A simpler method, and one which would likely find more support in Quebec since it would be seen as more flexible, would be to establish a binding dispute resolution mechanism, a fixture of contemporary international trade agreements. Following that model, the secession amendment would call for the creation a binational panel composed of one representative from Canada, one from the seceding province, and a mutually agreed upon arbitrator. The panel would be expected to negotiate a binding agreement within six months of a successful referendum. Beyond debt obligations, the panel could also negotiate the division of real estate and military assets.

The secession amendment would also, presumably, assert that Canada retain exclusive jurisdiction over its currency and monetary policy, although the departing province would be free to use the Canadian dollar if it wished. Further, it would clearly be in the best interest of both states for Canada to make a commitment to attempt to bring the former province into all existing trade and military agreements as soon as possible.

Finally, the thorny issue of Canadian citizenship would have to be resolved. "Under the Canadian Charter of Rights and Freedoms it would not be legally possible for the Canadian government to strip [the residents of a seceding province] of their Canadian citizenship or any of the rights that go with that," explains Immigration Counsel of Canada president Keith Frank. This would mean, however, that residents of the new state would also retain their right to vote in Canadian elections. A reasonable compromise might offer residents of a former province the same rights as landed immigrants. "This means you have all the rights that full citizens have, except the right to vote," says Mr. Frank.

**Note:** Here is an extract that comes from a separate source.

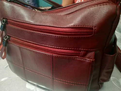 Сумкой довольна, рекомендую. Кожзам мягкий, приятный на ощупь, сшита качественно, почти ничем не пахнет, подклад плотный, карманов предостаточно, а главное размер идеальный - не большая, но и не маленькая, вместительная. В общем супер, то что искала

Quebec Equality Party leader Keith Henderson, who calls the concept of a secession amendment "perfectly logical," insists that Quebeckers must retain their citizenship. He also refuses to accept the concept of inviolate provincial borders. His posture illustrates how difficult it would be to get the Anglophone minority to agree to terms that might be acceptable outside the province.

Constitutional experts are divided as to how the constitution should be amended to incorporate an exit clause. "It's an amendment that could be put in with the 7/50 formula [requiring the approval of seven provinces representing 50% of Canada's population] since it does not affect [existing provincial boundaries]," suggests Prof. Morton. In political reality, however, considering that patriating the constitution in 1982 without Quebec's approval has in large part helped perpetuate the secession crisis Canada now faces, an amendment of this magnitude would require something close to unanimous consent of the provinces and Ottawa to be effective.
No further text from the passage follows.